THE TASK:
Print the lines below from the line with "여자 가을 숲 스타일" to the line with "Minutes Gained include" exactly, keeping both ends, and print no pictures.

DATASET RECORDS:
= = = =

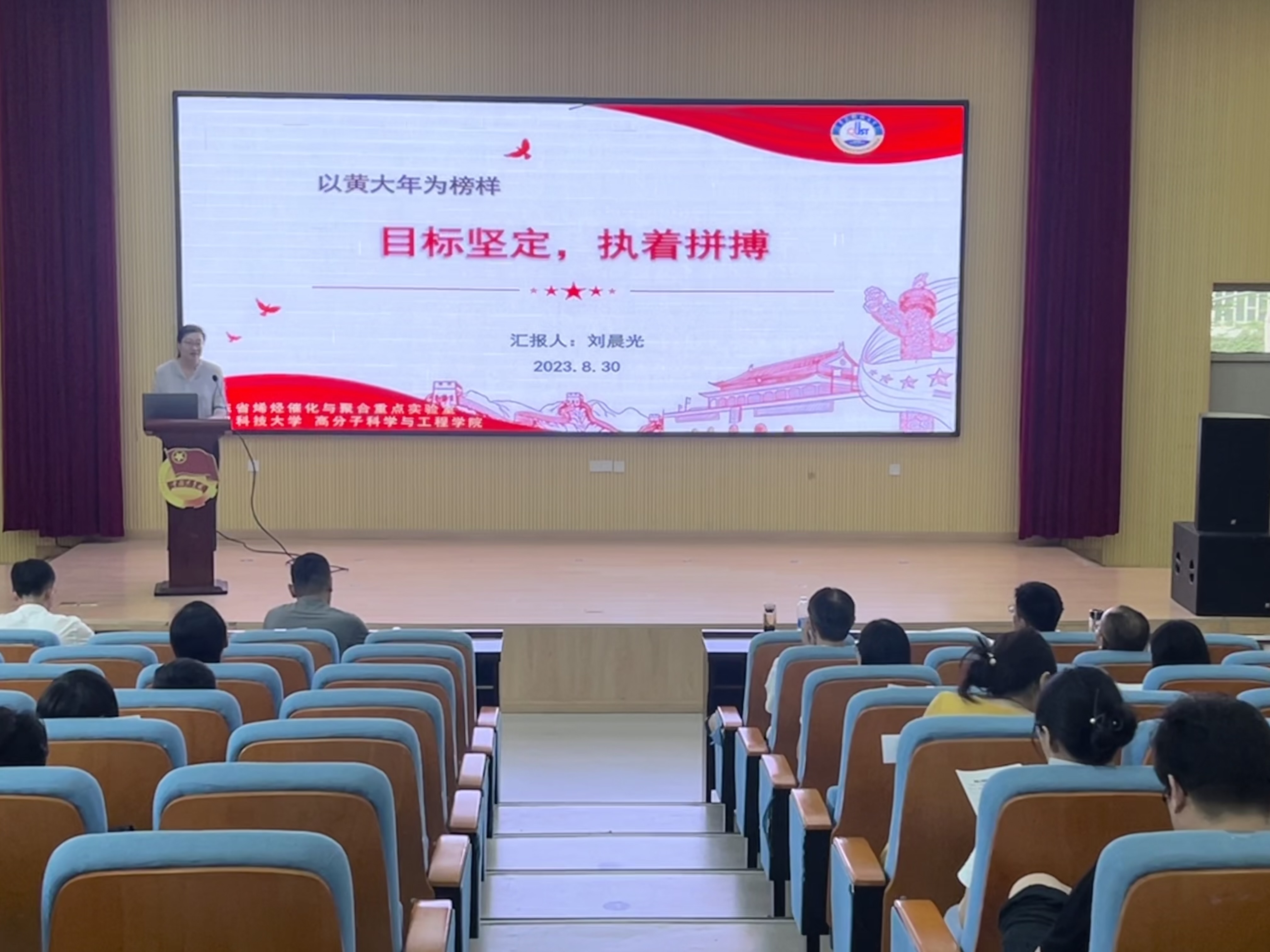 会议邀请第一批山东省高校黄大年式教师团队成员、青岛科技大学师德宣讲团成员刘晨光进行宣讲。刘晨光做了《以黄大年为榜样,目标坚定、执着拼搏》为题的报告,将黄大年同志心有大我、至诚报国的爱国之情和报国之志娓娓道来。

= = = =

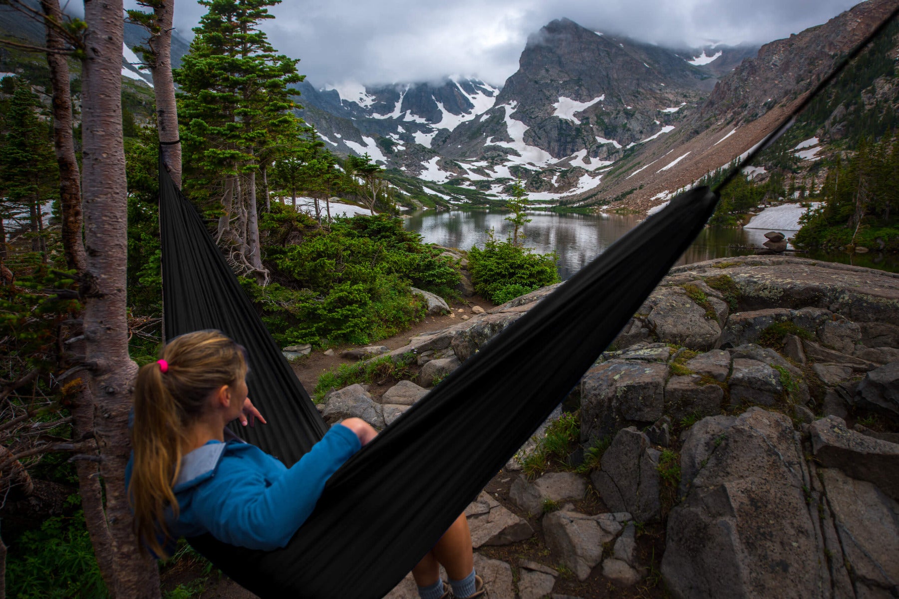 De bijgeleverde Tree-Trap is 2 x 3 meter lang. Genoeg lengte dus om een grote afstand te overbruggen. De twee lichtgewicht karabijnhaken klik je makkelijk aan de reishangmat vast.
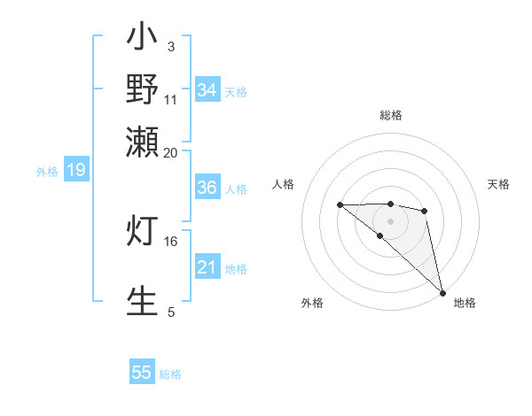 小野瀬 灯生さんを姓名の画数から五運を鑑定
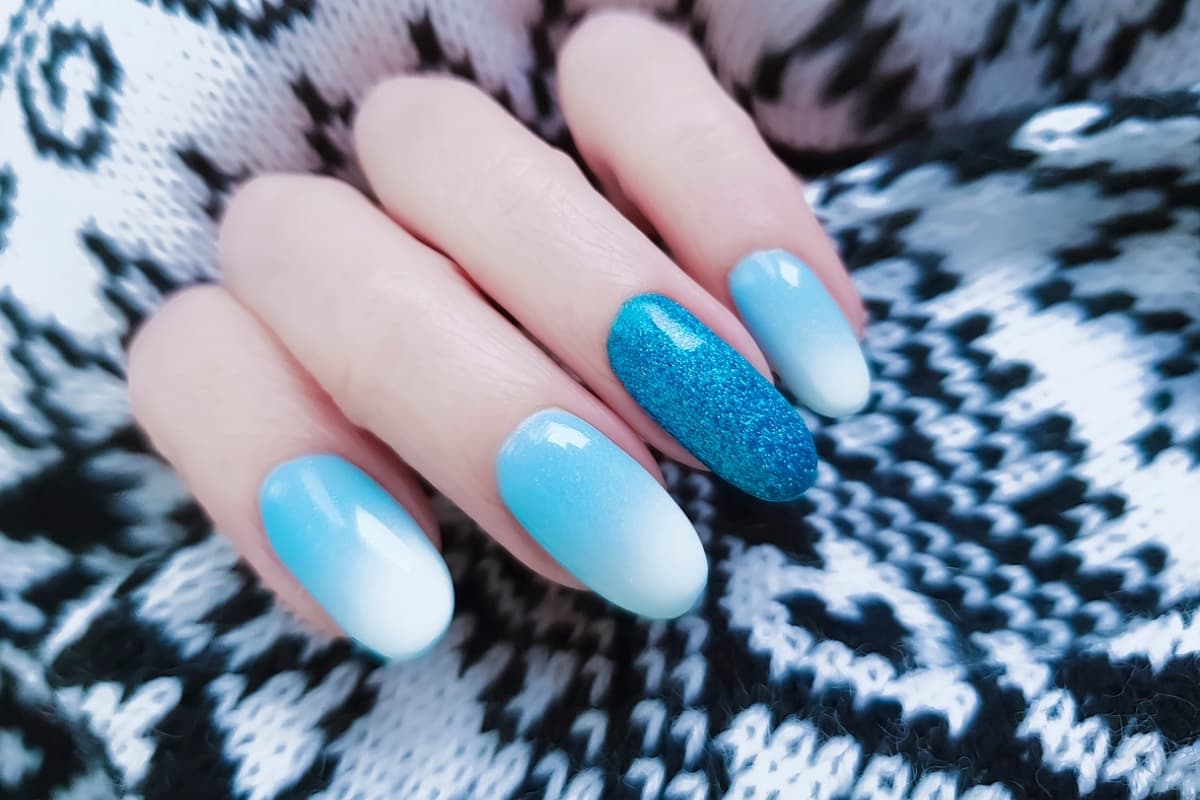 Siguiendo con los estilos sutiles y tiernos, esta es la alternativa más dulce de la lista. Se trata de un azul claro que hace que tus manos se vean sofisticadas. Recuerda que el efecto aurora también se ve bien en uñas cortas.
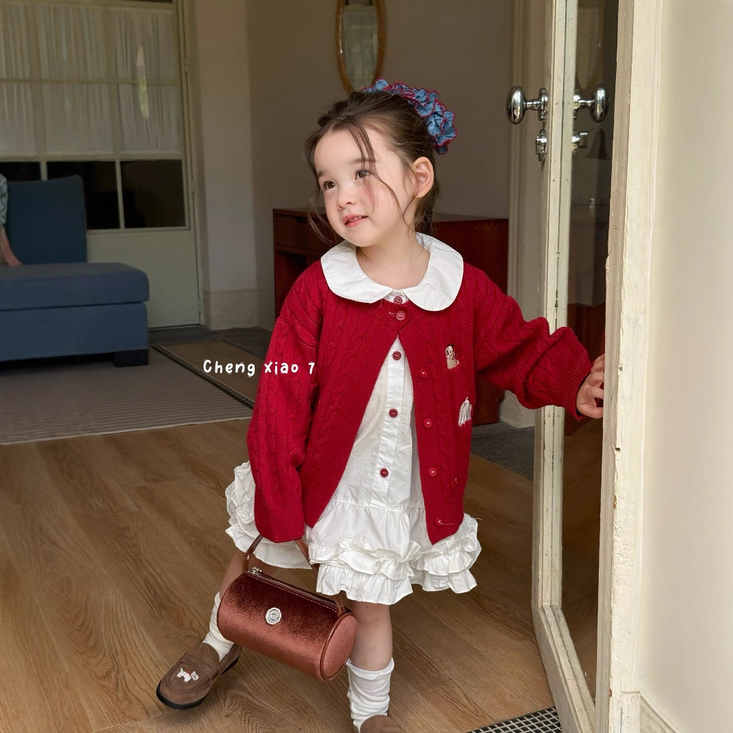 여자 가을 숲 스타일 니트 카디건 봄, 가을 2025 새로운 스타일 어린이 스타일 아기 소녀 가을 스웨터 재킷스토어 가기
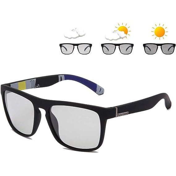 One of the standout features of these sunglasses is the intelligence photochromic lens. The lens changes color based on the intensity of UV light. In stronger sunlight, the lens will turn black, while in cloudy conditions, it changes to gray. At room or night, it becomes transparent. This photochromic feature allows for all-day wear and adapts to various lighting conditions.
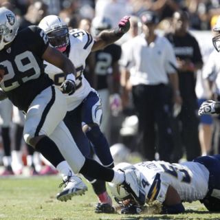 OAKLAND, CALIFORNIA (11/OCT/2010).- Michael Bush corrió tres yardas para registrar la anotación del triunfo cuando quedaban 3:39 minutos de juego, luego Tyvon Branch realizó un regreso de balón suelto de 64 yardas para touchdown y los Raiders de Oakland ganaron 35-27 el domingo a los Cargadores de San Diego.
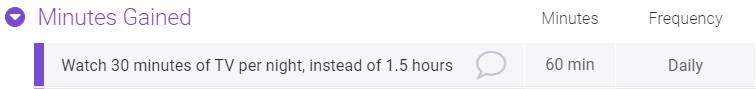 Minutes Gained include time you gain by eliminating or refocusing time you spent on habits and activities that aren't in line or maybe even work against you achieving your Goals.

= = = =

ANSWER AREA:
 여자 가을 숲 스타일 니트 카디건 봄, 가을 2025 새로운 스타일 어린이 스타일 아기 소녀 가을 스웨터 재킷스토어 가기
 One of the standout features of these sunglasses is the intelligence photochromic lens. The lens changes color based on the intensity of UV light. In stronger sunlight, the lens will turn black, while in cloudy conditions, it changes to gray. At room or night, it becomes transparent. This photochromic feature allows for all-day wear and adapts to various lighting conditions.
 OAKLAND, CALIFORNIA (11/OCT/2010).- Michael Bush corrió tres yardas para registrar la anotación del triunfo cuando quedaban 3:39 minutos de juego, luego Tyvon Branch realizó un regreso de balón suelto de 64 yardas para touchdown y los Raiders de Oakland ganaron 35-27 el domingo a los Cargadores de San Diego.
 Minutes Gained include time you gain by eliminating or refocusing time you spent on habits and activities that aren't in line or maybe even work against you achieving your Goals.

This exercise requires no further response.